Curriculum
Curriculum
Degree Requirements for the MS in Data Science can be found in the NYU bulletin – Master of Data Science.
The curriculum for the MS in Data Science (MSDS) degree is 36 credits. One of the key features of the MS in Data Science curriculum is a capstone project that makes the theoretical knowledge you gain in the program operational in realistic settings. During the project, you will go through the entire process of solving a real-world problem: from collecting and processing real-world data, to designing the best method to solve the problem, and finally, to implementing a solution. The problems and datasets you’ll engage with will come from real-world settings identical to what you might encounter in the industry, academia, or government.
The MSDS allows students to pursue the Industry Concentration, which allows them to apply the knowledge and skills obtained in their coursework to industry during the degree program.
The MSDS also offers students the opportunity to pursue a track. Tracks allow you to connect with faculty who advise and help you plan your curriculum and career goals.
For more information on the MS curriculum and requirements please visit the MS Student Handbook. Please note you will only be able to access the handbook through your NYU email address.
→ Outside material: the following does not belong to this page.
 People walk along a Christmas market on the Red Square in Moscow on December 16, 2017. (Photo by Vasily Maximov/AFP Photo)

Required Course Information
Course descriptions can be found in NYU’s Albert Course Search. Recent course pages are linked below.
- DS-GA 1001 Introduction to Data Science
- DS-GA 1002 Probability and Statistics for Data Science
- DS-GA 1003 Machine Learning
- DS-GA 1004 Big Data
- DS-GA 1006 Capstone Project and Presentation
- One Data Science Elective (choose 1 from the list below).
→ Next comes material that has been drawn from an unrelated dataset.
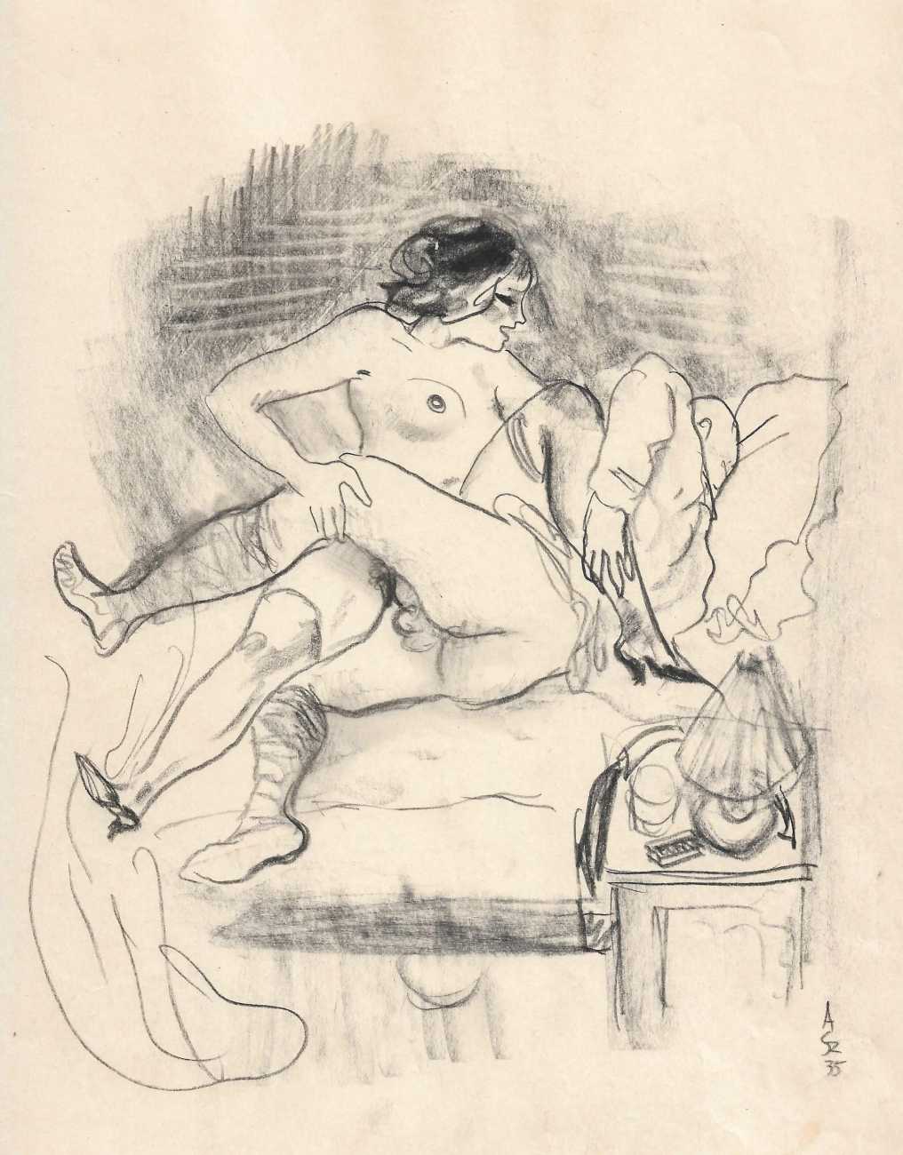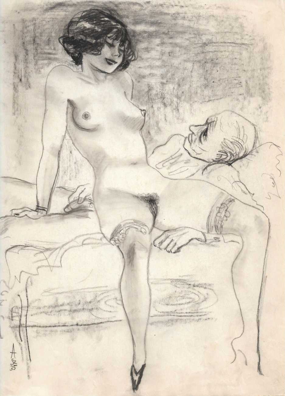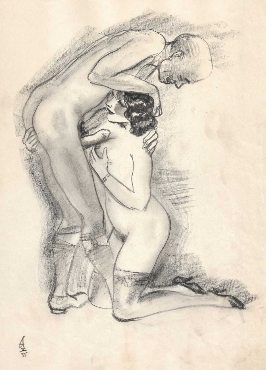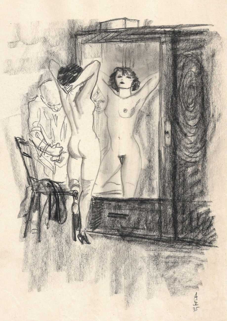 The story is familiar, repeated by Szekely in Ein Pariser Abenteuer (1941) and by Rojan in Idylle printanière (1936) – an unexpected but rather delicious encounter with a young women who, to the artist’s surprised delight, is more than willing to explore the depths and breadths of shared intimacy. To what extent the narrative is in any way autobiographical is left to the viewer’s imagination.

- DS-GA 1005 Inference and Representation
- DS-GA 1008 Deep Learning
- DS-GA 1011 Natural Language Processing with Representation Learning
- DS-GA 1012 Natural Language Understanding and Computational Semantics
- DS-GA 1013 Mathematical Tools for Data Science
- DS-GA 1014 Optimization and Computational Linear Algebra
- DS-GA 1015 Text as Data
- DS-GA 1016 Computational Cognitive Modeling
- DS-GA 1017 Responsible Data Science
- DS-GA 1018 Probabilistic Time Series Analysis
Electives Information
General electives offered at CDS include the courses below. The courses listed under the “One Data Science Elective Course” requirement can also be used as a general elective as long as they are not fulfilling the “One Data Science Elective Course” requirement.
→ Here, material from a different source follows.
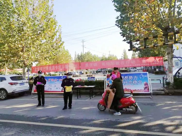 (二)坚持“扫黑除恶、除恶务尽”方针,积极开展扫黑除恶专项斗争行动。孟庄镇根据市、区委政法委关于开展扫黑除恶工作的统一部署,通过发放宣传资料、村村响等方式大力宣传扫黑除恶,提升群众知晓率,为确保专项行动打出声威,打出实效,努力营造扫黑除恶的良好氛围。各村继续发挥大喇叭作用,利用广播喇叭在每天早、中、晚三个时间段进行集中播放宣传扫黑除恶通告,每天坚持播放广播喇叭不少于3个小时。动员群众积极检举揭发,提供高质量的黑恶犯罪线索。完善组织架构、运行机制及事项台账,确保各种机制流转顺畅,部门之间协调配合,共同打击黑恶势力,提升人民群众安全感、满意度。

- DS-GA 1007 Programming for Data Science
- DS-GA 1009 Practical Training for Data Science
- DS-GA 1010 Independent Study
- DS-GA 1019 Advanced Python for Data Science
- DS-GA 1020 Mathematical Statistics
- DS-GA 1021 Probability and Statistics 2
- DS-GA 3001 Special Topics in Data Science (topics vary each semester, but examples of current and previous offerings are below).
- Reinforcement Learning
- Introduction to Computer Vision
- Applied Statistics
- Modern Topics in Statistical Learning Theory
- Intro to Applied ML in Finance I: Discrete Choice
- Visualization in Machine Learning
- Causal Inference in Machine Learning
- Mathematics of Deep Learning
Students may also take one of the pre-approved non-DS electives listed here as general elective credits towards their MSDS degree. However, please note that these courses may have prerequisites or registration restrictions. Students will need to consult the sponsor department website for such details. Often a search on “NYU” + the course name will lead to details for the course.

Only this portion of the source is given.